We describe three giant palaeobatrachid fossil tadpoles of the genus Palaeobatrachus (Nieuwkoop-Faber [NF] stages 60–64) from the Miocene of Randecker Maar, Germany. The largest was 150 mm at the beginning of metamorphosis (stage 60), whereas the smallest was 100 mm and approaching the end of metamorphosis (stage 64). In contrast, normal palaeobatrachid tadpoles and their pipid relatives, both extinct and extant, rarely exceed 60 mm in length. We review here both ecological and pathological conditions that are conducive to the development of gigantism in tadpoles. Tadpoles that lack a thyroid gland become exceptionally large and arrest development at early hindlimb stages (NF stages 53–56). However, the advanced metamorphic stages of the giant Palaeobatrachus tadpoles indicate that they were able to metamorphose, and thus were not athyroid. Environmental factors—pond size and permanence, predators, duration of the growing season— may all contribute to tadpole gigantism in certain extant anuran species.
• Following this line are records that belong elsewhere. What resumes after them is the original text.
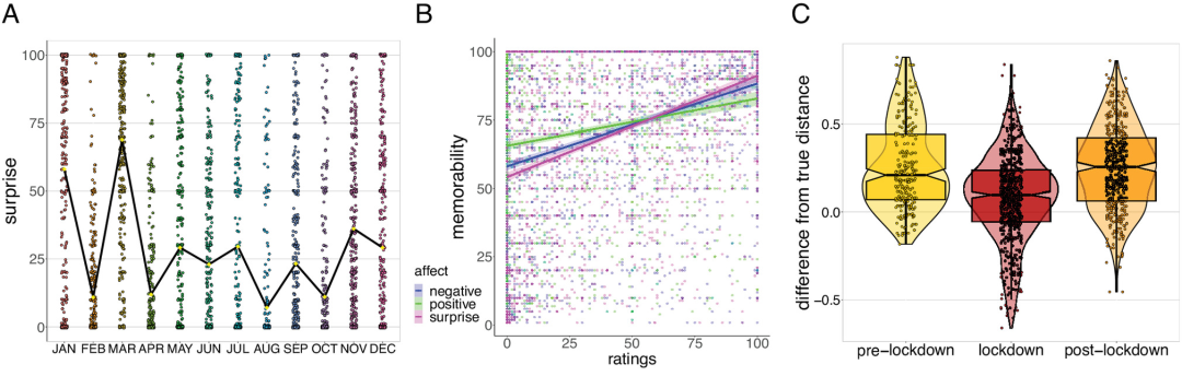 图5结果表明:1)对流行病新闻的集体记忆更加强烈、令人惊讶和消极(A);2)记住的惊喜、积极情绪和消极情绪的程度,各自独立地与更大更难忘的事件的记忆力相关(B);3)封城使得我们记忆中两事件相隔时间缩短了(C)。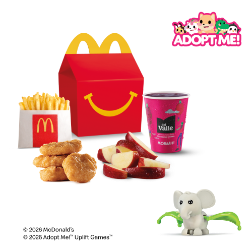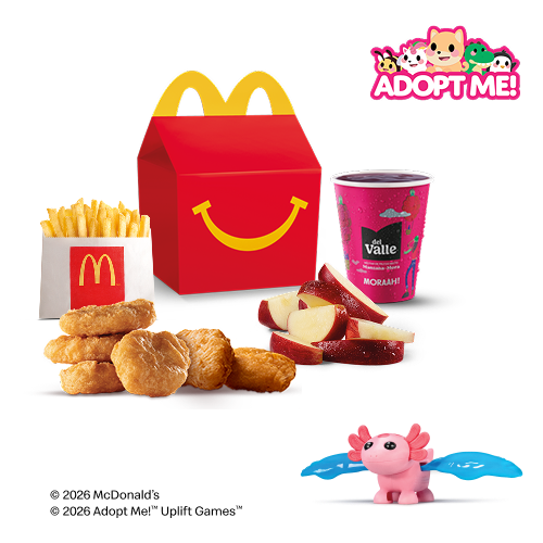 Elige tu Cajita Feliz™ con 4 piezas de nuggets 100% de pechuga de pollo apanadas con papas kids, jugo Del Valle Moraah, cascos de manzana y juguete.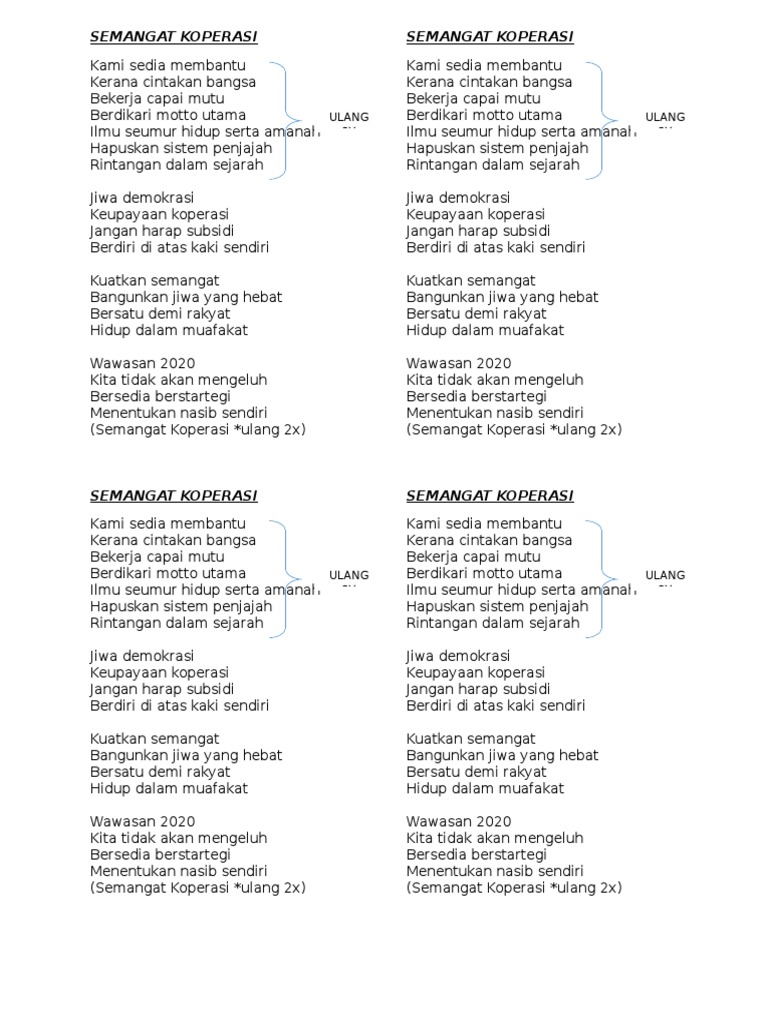 Lirik Lagu Semangat Koperasi Docx Document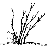 При формировании куста красной смородины обычно рекомендуют срезать нулевой побег на 1/3 высоты. Тогда на следующий год можно получить 2 - 5 побегов. Но срезая нулевой побег на указанную выше высоту, мы одновременно уничтожаем верхушечные почки смородины - наиболее сильные и урожайные. Поэтому я в период набухания почек удаляю лишь одну верхнюю почку, а плодовые почки вокруг нее оставляю. На следующий год и в этом случае точно так же отрастают 2 - 5 новых побегов на нулевом стволе. Зато верхушечный урожай сохраняется и формировка куста не нарушается.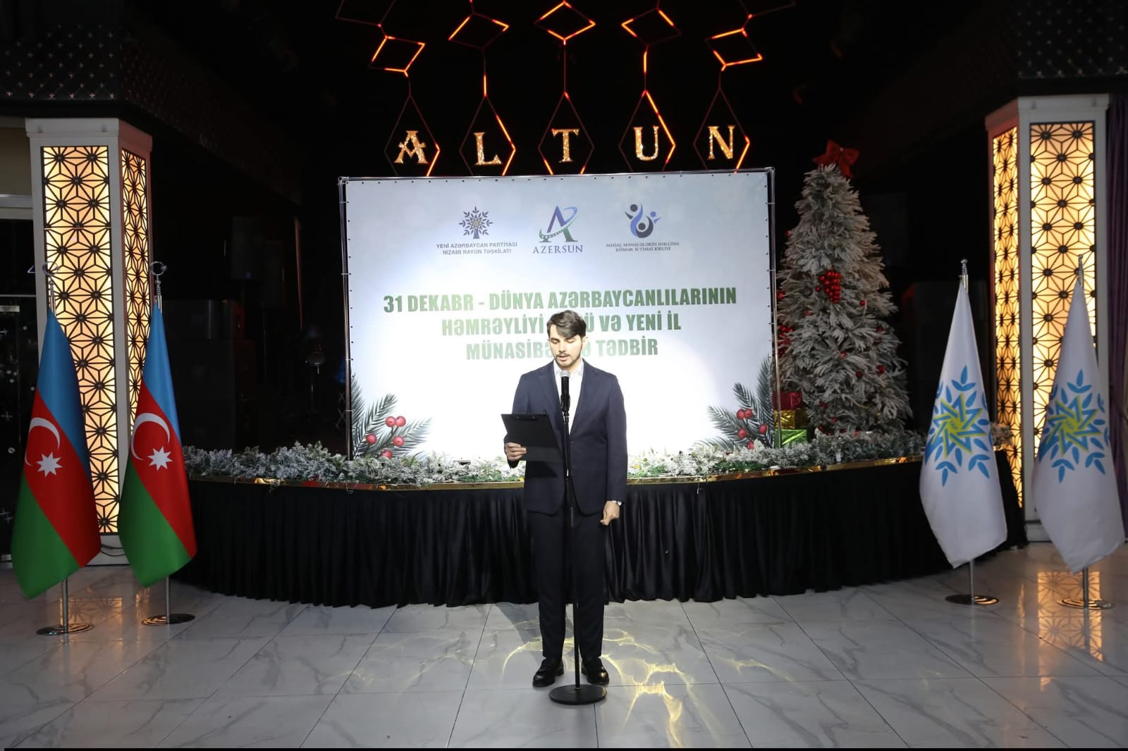 Azərbaycan Respublikasının Dövlət Himninin səsləndirilməsi ilə başlanan şənliyin rəsmi hissəsində Yeni Azərbaycan Partiyası Mərkəzi Aparatının rəhbərinin müavini Ramilə Bədəlova, Milli Məclisin deputatı, “İki sahil” qəzetinin baş redaktoru Vüqar Rəhimzadə, Nizami Rayon İcra Hakimiyyəti başçısının birinci müavini Könül Həsənova, Yeni Azərbaycan Partiyası Nizami rayon təşkilatının sədri Ramil Vəlibəyov, 1 saylı Uşaq evi sosial xidmət müəssisəsinin direktoru Nərminə Zöhrabova, Azərsun Holdinqin İnzibati təsərrüfat departamentinin bölmə rəisi Könül Bəkirova, “Sosial məsələlərin həllinə kömək” ictimai birliyinin sədri Nərmin Daşdəmirbəyli və başqaları çıxış ediblər, uşaqları bayram münasibətilə təbrik ediblər.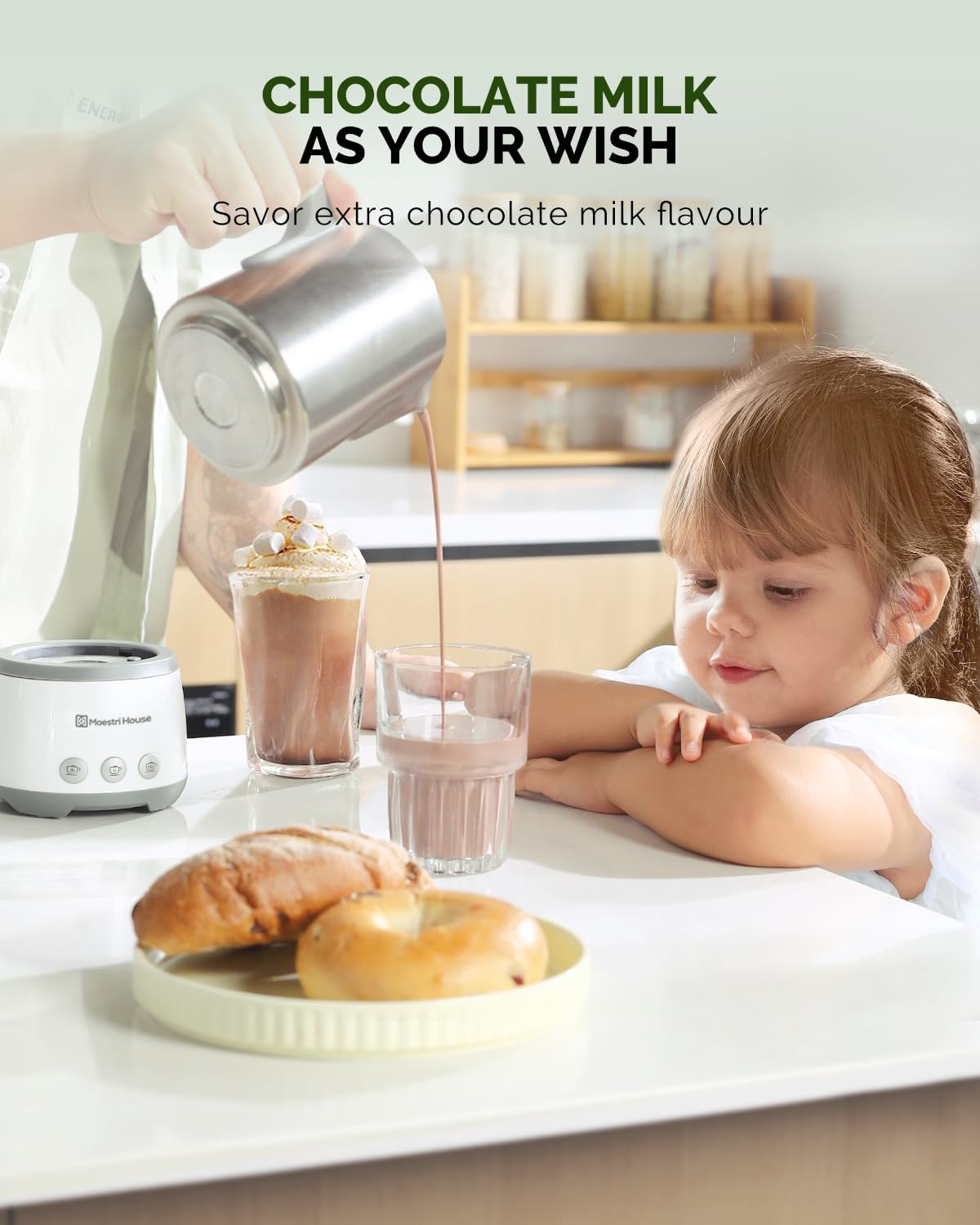 - Chocolate Milk As Your Wish:This versatile milk frother goes beyond coffee, offering a fun and tasty hot chocolate milk option for the whole family. Transform ordinary milk into a delightful treat in moments, perfect for adding a touch of sweetness to their day. Indulge in the joy of creating irresistible chocolate milk at home, making snack time extra special. Elevate your chocolate milk game effortlessly with our convenient and kid-friendly machine.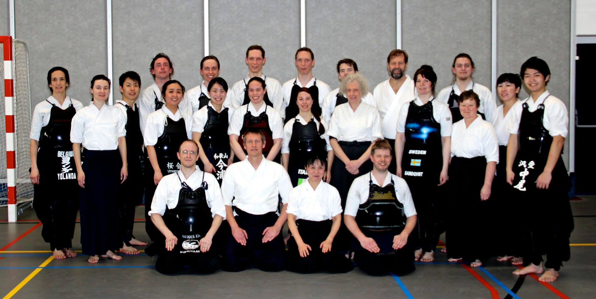 As every year the Nederlandse Naginata Renmei organize a spring seminar lead by a Japanese sensei. It is always a great opportunity for us to learn alot, improve our technique and meet new practicers. This year it was in Rotterdam with Imaura sensei , Kyoshi, from Osaka and 3 of her dojo students. It was a wonderful moment for all of us, beginners and more advanced practicers to learn more about shikake odji, zen nihon kata and bogu practice. Lots of European country answers to the invitation; Belgium, France, Italy, Sweden and even Greece were there to listen carefully to the great advice of Imaura sensei , her students and even 3 of our Godan from ENF member country. At the end of the first day we had a huge dinner party in a restaurant where there was so many things to eat that we were overfilled when we came out of it. The second day of the seminar was more bogu oriented as our European Champion were happy at the end of the day to do a little team tournament against the Japanese fighters who, actually, are the Local Japan University Champion, and, maybe the future fighters that will come in the Japanese team at a future World Championship. So everybody had a lot of fun at this seminar and we all came back home with great souvenirs and technicals details to correct in our practice.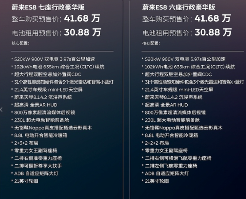 三代蔚来ES8签名版和豪华版的区别 豪华版买断预售价是41.68万 签名版是45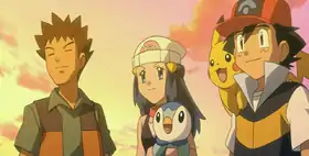 - When Dialga and Palkia's attacks collide and explode, Dawn and Brock's Sudowoodo disappear during the shock-waves going through the town, only to reappear with everyone else on the ground in the following scene when Alice asks if everyone is alright.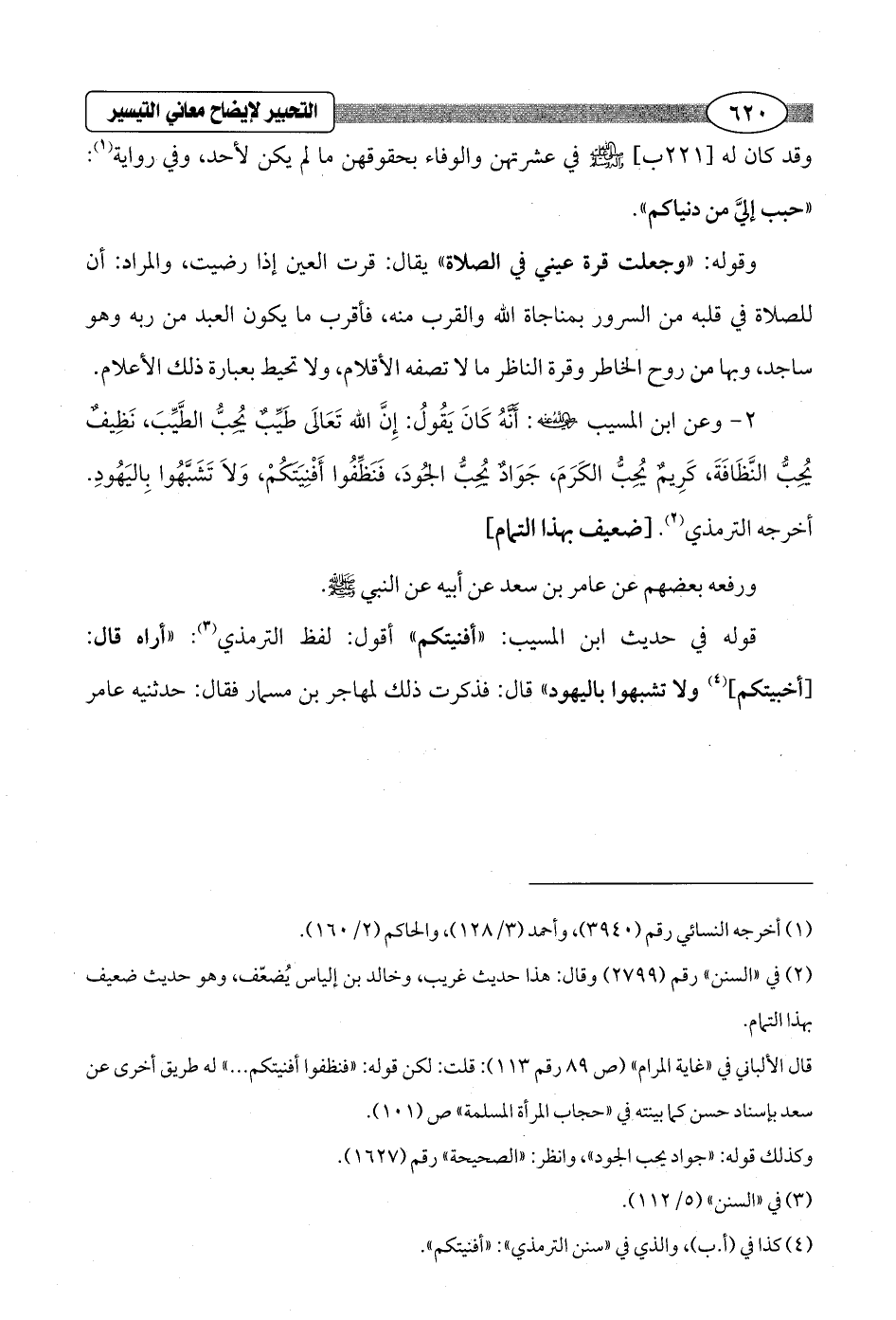 2 - وعن ابن المسيب - رضي الله عنه -: أَنَّهُ كَانَ يَقُولُ: إِنَّ الله تَعَالَى طَيِّبٌ يُحِبُّ الطَّيِّبَ، نَظِيفٌ يُحِبُّ النَّظَافَةَ، كَرِيمٌ يُحِبُّ الكَرَمَ، جَوَادٌ يُحِبُّ الجُودَ، فَنَظِّفُوا أَفْنِيَتَكُمْ، وَلاَ تَشَبَّهُوا بِاليَهُودِ. أخرجه الترمذي (¬2). [ضعيف بهذا التمام]

We identify suites of ecological features that distinguish extant anurans with large tadpoles from high-latitude and high-altitude permanent lakes in temperate regions (e.g., certain Rana and Telmatobius) from tropical species, such as Pseudis paradoxa, whose tadpoles normally achieve large size in temporary seasonal ponds. The paleoecology of Randecker Maar suggests that Palaeobatrachus tadpoles lived in a permanent semitropical lake, but one with few predators.